INTRODUCING: Laurence-Anne

INTRODUCING: Laurence-Anne

One of the sleeper records of 2023 comes from Laurence-Anne and her third studio album Oniromancie due out via Bonsound (Corridor, Flore Laurentienne). Evocative, immersive and atmospheric songs with a distinct sound are a tapestry of hypnotic melodies sung in English, French and Spanish and rippling alt-pop textures sewn together with elements of dream pop, synth pop and electronica. It dives deep into the nocturnal world, moving seamlessly between sweet dreams and paralysing nightmares. The singer-songwriter describes her attempts to tame fear in the dream realm, a volatile environment that can go from serene to frightening in a manner of seconds.

Beguiling opening track ‘Fantome’ is a haunting soundscape underpinned by sinewy basslines, and a intoxicating melody,  it has 80s elements and French torch songs and maybe a touch of Beach House‘Polymorphe’, finds Anne’s elliptical vocal melodies carried on the shoulders of elegant percussion, lush synth arrangements unfurling into a heart-warming chorus. Whilst the oscillating ‘Politess’ unveils a darker a sound that is more akin to darkwave than dream pop, propelled by a hypnotic rhythms, tumbling percussion and arpeggio synths comparable to the likes Poliça or Melody’s Echo Chamber. Laurence-Anne is crafting a beguiling world of dreams, you want to explore.  We sent her some questions to get to know her better.

Hi, how are you ?

Hey, I’m good! thanks 🙂

I really love the album, it creates a real immersive atmosphere that takes on journey, was this your intention?

Yes, I think it’s a common point within all my albums. I love to create soundscapes that animates the imagination. Music has always been a synonym of experience to me. It feels so special to be absorbed into it.

I really love the production did working with François Zaïdan offer a different perspective?

It was my first time working on an album that way, two brains, long term. It was really great to collaborate with François, who I find has such a good taste in music. As a vinyl collector, he has the most obscure, strange, interesting albums from bands and artists you’ve never heard of. It was fun to explore different tones and experiment on some mystic synths, as the DX7, renowned for its new age sound bank.

 You talk about many of the songs being inspired by anxiety and dreams, and sleep paralysis, is your songwriting a way of confronting these fears?

We could say that. By expressing these experiences through music, it helps transform them into something lighter.

There’s a shift through the album from the haunting soundscape of Fantome that has 80s elements and those of French torch songs, to a more tumbling track Politesse. how do you find the right sound to fit the mood and themes of a song?

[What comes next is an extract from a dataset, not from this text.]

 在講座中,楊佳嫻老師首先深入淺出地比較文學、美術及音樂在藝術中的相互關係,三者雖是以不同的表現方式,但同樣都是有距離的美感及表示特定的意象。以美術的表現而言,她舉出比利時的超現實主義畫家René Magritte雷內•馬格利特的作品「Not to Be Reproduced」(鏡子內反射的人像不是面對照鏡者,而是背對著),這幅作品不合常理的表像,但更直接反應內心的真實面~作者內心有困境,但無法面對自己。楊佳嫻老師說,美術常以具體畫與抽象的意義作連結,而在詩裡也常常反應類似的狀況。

The sound and the mood come together, first. Then, it inspires the theme. When I compose, I just let myself slide on the notes. I don’t have a precise idea of what I’ll do. I just do random stuff until it hits something emotional, a little sparkle. I love both lighter and darker vibes, I love playing with this contrast.

[embedded content]

‘Polymorphe’ has a rich synth tapestry, are you influenced by any classic synth pop records?

Well, yes. I mean, I’m more into dream pop. I’m a big fan of Beach House. I love Cocteau Twins, Stereolab.

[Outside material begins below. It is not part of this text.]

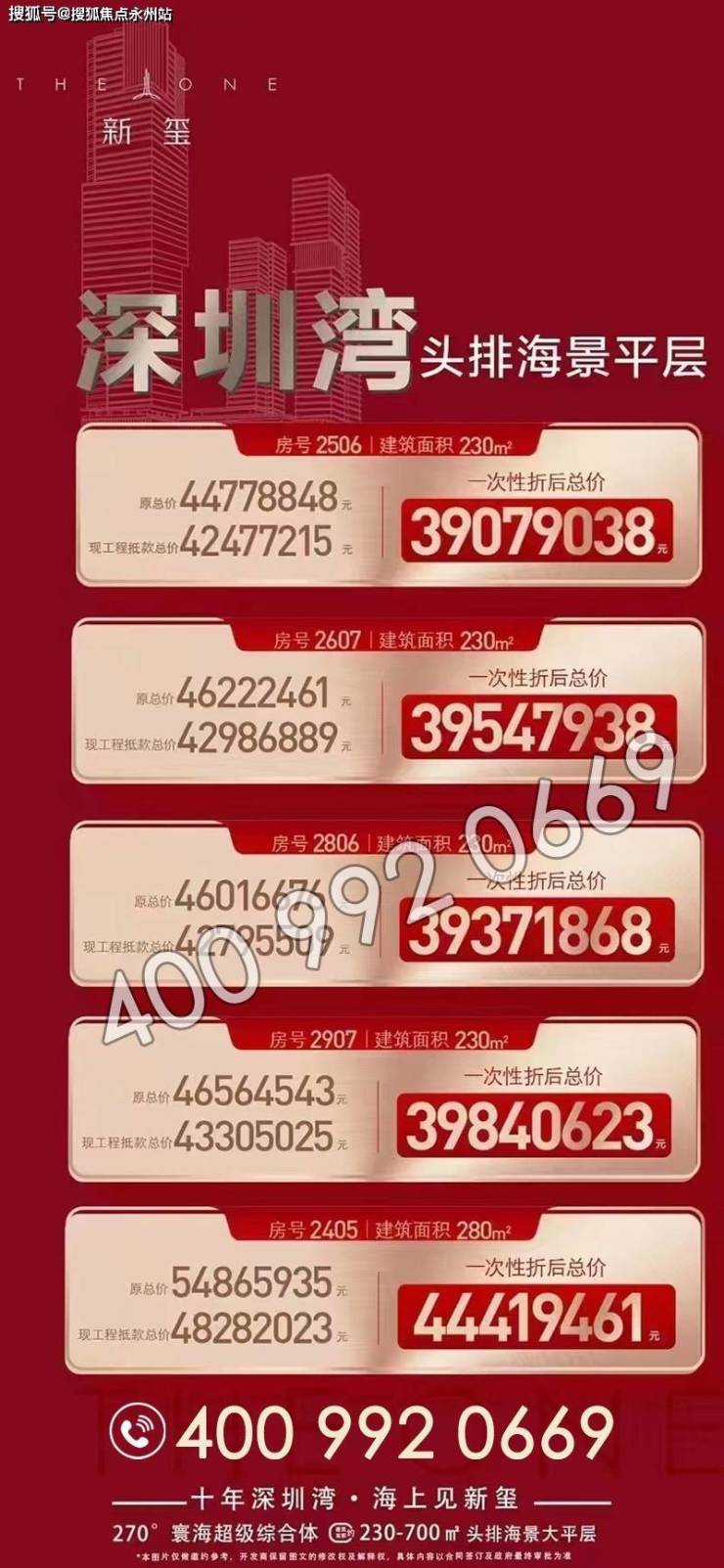 最新动态:当前我们项目在售建面约230-700㎡面积段,具体剩余楼层、户型、朝向欢迎咨询深圳华侨城新玺开发商售楼处电话:400-992-0669(中介勿扰),预约看房价格可以更优惠,下面是我们项目近期推出的几套一口价房源,详情请咨询售楼处电话了解最新动态。

You sing in French, Spanish and English, how do you know which language fits the song?

It’s a question of vibe. It’s the language that comes naturally that’ll fit the music. Sometimes, it depends on what I want to talk about. The poetry is so different from one language to the other, some things are easier to say in English or Spanish than they are in French.

How would you say Oniromancie differs from your previous records?

I feel it’s a little darker than the previous ones. It’s also more direct and personal. It reveals more about me.

Are there any French language songs that really inspire you?

There’s a band you should listen to, it’s called Population II. They have just released their second album Électrons Libres du Québec.

What’s the Montreal music scene like?

It’s cool. There’s a lot happening. It’s a small effervescent scene, with many amazing bands and artists. We kind of all know each other.

How do you find making it work financially as an artist in 2023?

It’s hard making touring worth it. Luckily, we have access to some grants in Québec and it helps to break even, with the album production also. But I honestly don’t think I could play with such talented musicians in my band if it was not from the financial support of my label and team.

You’ve played some really cool festivals, are there any you would still like to play?

Of course, I always aim higher! It’d be fun to play someday in a major festival, you know the ones.

You have some tour dates coming up. I saw you toured Europe last year I was at Focus Wales I wish I had seen you, would you like to come back?

I would love to come back, yes! I had such a great time in the UK. It also felt really inspiring. It would be nice to come back to work on some new music.